DIRECTIONS: Once the line holding "Beautiful landscape below" is written out, stop; begin at the first line of the material below and retype exactly, dropping pictures.

INPUT DATA START

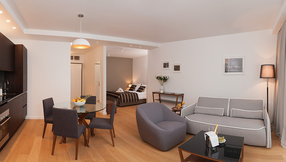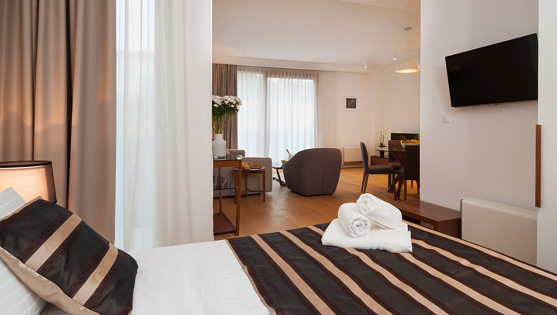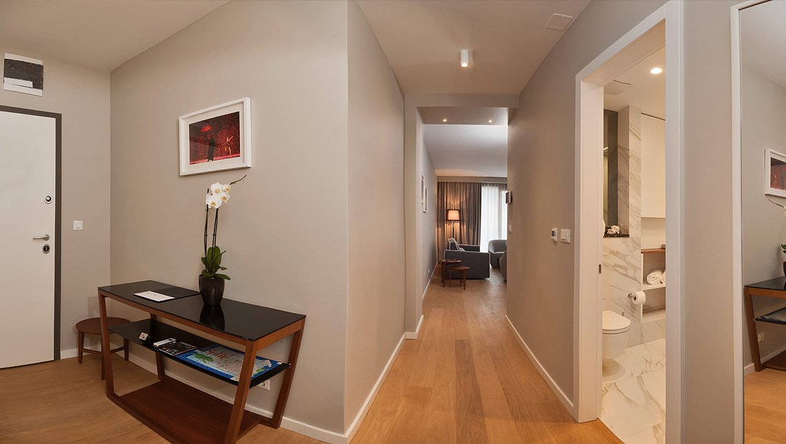 “Residence by Vestibul Palace” is located next to the medieval fortress Gripe, near to the old town. This residential accommodation facility with its 5 luxury apartments, 24h guarded garage, video surveillance of object, elevator, concierge service, offers ideal accommodation for a longer stay. Modern decor and comfortable apartments with top-quality designer furniture, “Residence by Vestibul Palace” fosters design and comfort. Suites are equipped with excellent air conditioning, LCD TVs and wireless internet.
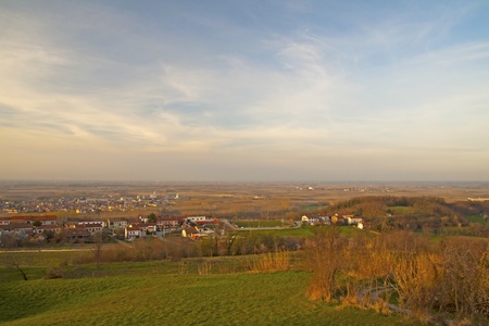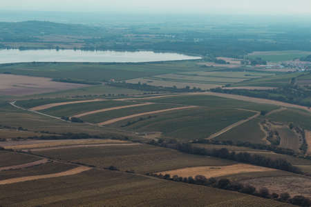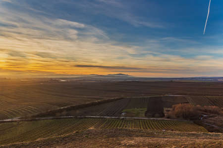Beautiful landscape below the Palava region in the Czech Republic in Europe. Photographed from Hradistek. In the background is a nice sky at sunset.
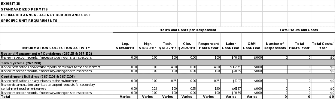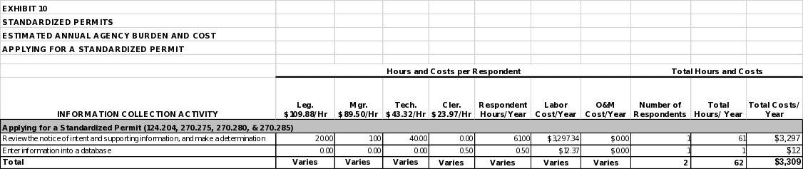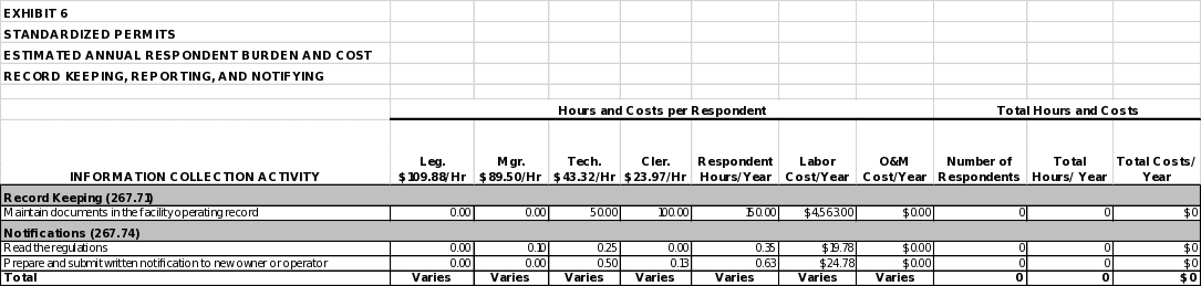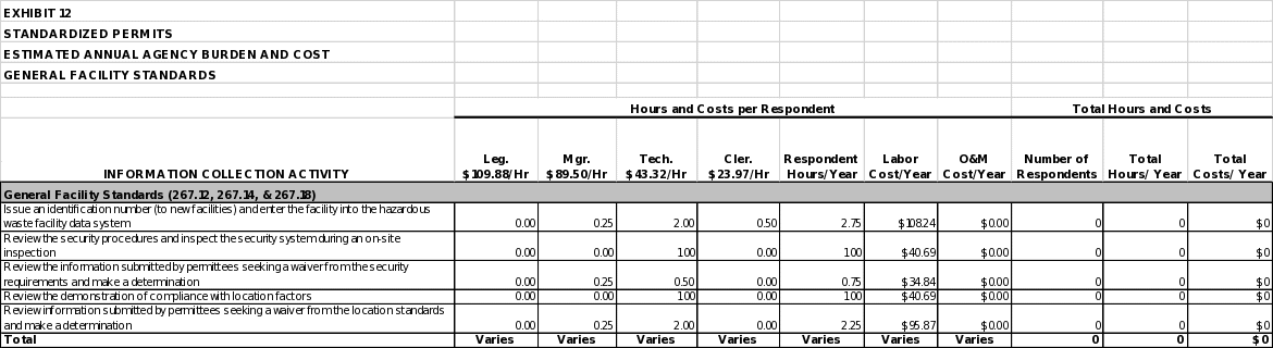 The original ICR for the standardized permit rule included estimate for the number of eligible facilities, and for facilities expected to apply for the standardized permit. Since the rule was promulgated in 2005, 12 states have received authorization for the rule (AR, ID, IL, IN, KS, MT, NV, OK, SD, TX, VA and WY) and only one facility has been issued a standardized permit. For the purposes of this ICR, EPA assumes that no facilities will be either applying for or reapplying for a standardized permit during the three-year period of this ICR.

INPUT DATA END

OUTPUT BELOW:
 “Residence by Vestibul Palace” is located next to the medieval fortress Gripe, near to the old town. This residential accommodation facility with its 5 luxury apartments, 24h guarded garage, video surveillance of object, elevator, concierge service, offers ideal accommodation for a longer stay. Modern decor and comfortable apartments with top-quality designer furniture, “Residence by Vestibul Palace” fosters design and comfort. Suites are equipped with excellent air conditioning, LCD TVs and wireless internet.
Beautiful landscape below the Palava region in the Czech Republic in Europe. Photographed from Hradistek. In the background is a nice sky at sunset.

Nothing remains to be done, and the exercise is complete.